19 In-depth Notes on Chemotherapy Drugs and Mechanisms

Introduction to Chemotherapy Drugs

  • Overview of chemotherapy drugs and their modes of action

Learning Outcomes

  • Fluoro-uracil: Understand its therapeutic role as an antimetabolite due to fluorine content.
  • Tamoxifen: Insight into its function as a select estrogen receptor modulator (SERM).
  • Monoclonal Antibodies: Overview of their therapeutic applications.
  • Combination Therapy (R-CHOP): Familiarity with its components and uses.

Alkylating Agents

  • Chlormethine

    • Mechanism: SN2 process (nucleophile and electrophile interaction).
    • Forms crosslinked DNA, enhancing reactivity.
    • Key Points:
    • Aziridine's ring strain increases nucleophilicity.
    • Cl- treated for clarity during explanations.
  • Chlormethine Analogues

    • Mechanisms:
    • Incorporation of electron-withdrawing aromatic rings reduces nucleophilicity of alkylating agents, leading to fewer side reactions and toxicity.
    • Example drugs: Melphalan, Chloroambucil.

Effect of DNA Alkylation

  • Consequences of alkylated bases on DNA pairing.
    • Guanine's preference for keto tautomer.
    • Abnormal pairing with alkylated guanine (enol tautomer).
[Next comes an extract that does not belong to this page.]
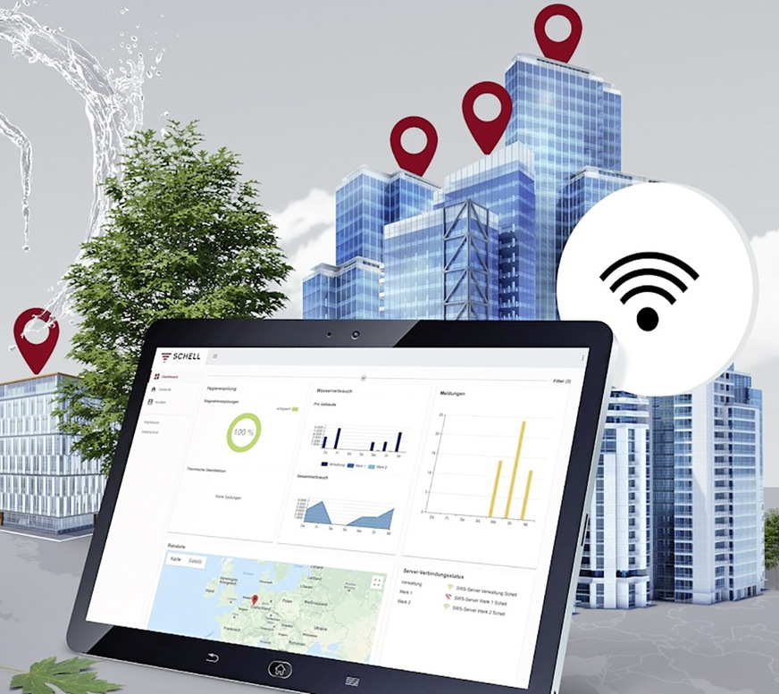 Schell, 7D14: Der Cloud-Service Smart.SWS ist eine Benutzeroberfläche zur grafischen Auswertung der Betriebsdaten des Wassermanagement-Systems SWS. Dazu kann – detailliert für jeden Wassermanagement-Server, aber auch gebäude- und liegenschaftsübergreifend – der Status der Betriebsparameter und des bestimmungsgemäßen Betriebs per Fernzugriff von jedem Endgerät mit Internetanbindung abrufen und bei optimiert werden.

Pro-drug Alkylating Agents

  • Cyclophosphamide:

    • Most used alkylating agent; orally active and initially non-toxic.
    • Toxicity linked to acrolein by-product.
  • Nitrosoureas:

    • Decompose in the body to form reactive alkylating agents.
    • Not needed to understand the mechanism.
  • Busulfan:

    • Synthetic anticancer agent; causes DNA interstrand crosslinking via SN2 reaction.
  • Mitomycin C:

    • Activated prodrug; highly toxic with a specific mechanism involving DNA alkylation.
  • CC1065 – Duocarmycin:

    • Natural agent targeting adenine bases with high potency.

Tamoxifen: Estrogen Antagonist

  • Mechanism: Binds to estrogen receptors, blocking estradiol's effect and preventing coactivator binding, making it a partial agonist.
  • Application: Used to treat estrogen-dependent breast cancers.

Antimetabolites: 5-Fluorouracil (5-FU)

  • 5-FU's Role:
    • Mimics uracil; inhibits thymidine biosynthesis due to presence of fluorine.

Monoclonal Antibodies

  • Function: Target tumor-specific antigens; engage immune systems to kill cancer cells.
  • Common applications: Breast, colorectal cancers, and lymphomas.
  • Mechanism involves:
    • Activation of the immune response through binding.

Specific Monoclonal Antibodies

  • Herceptin: Targets HER-2 receptor; used for HER-2 positive breast cancer.
  • Rituximab: Targets CD20 on B cells; utilized for treating lymphomas and leukemias.

Combination Therapies

  • R-CHOP Regimen:
    • FDA-approved for Non-Hodgkin’s lymphoma in 2006; comprises Rituximab, Cyclophosphamide, Vincristine, and Doxorubicin.
    • Usually involves 6–8 treatments, spaced every 21 days.

Appendix 1: Enzymatic Action & Drug Mechanisms

  • Thymidylate Synthase: Catalyzes conversion of dUMP to dTMP.
  • 5-FU Mechanism: Inhibits thymidylate synthase, preventing DNA synthesis due to alkylation prevention by fluorine.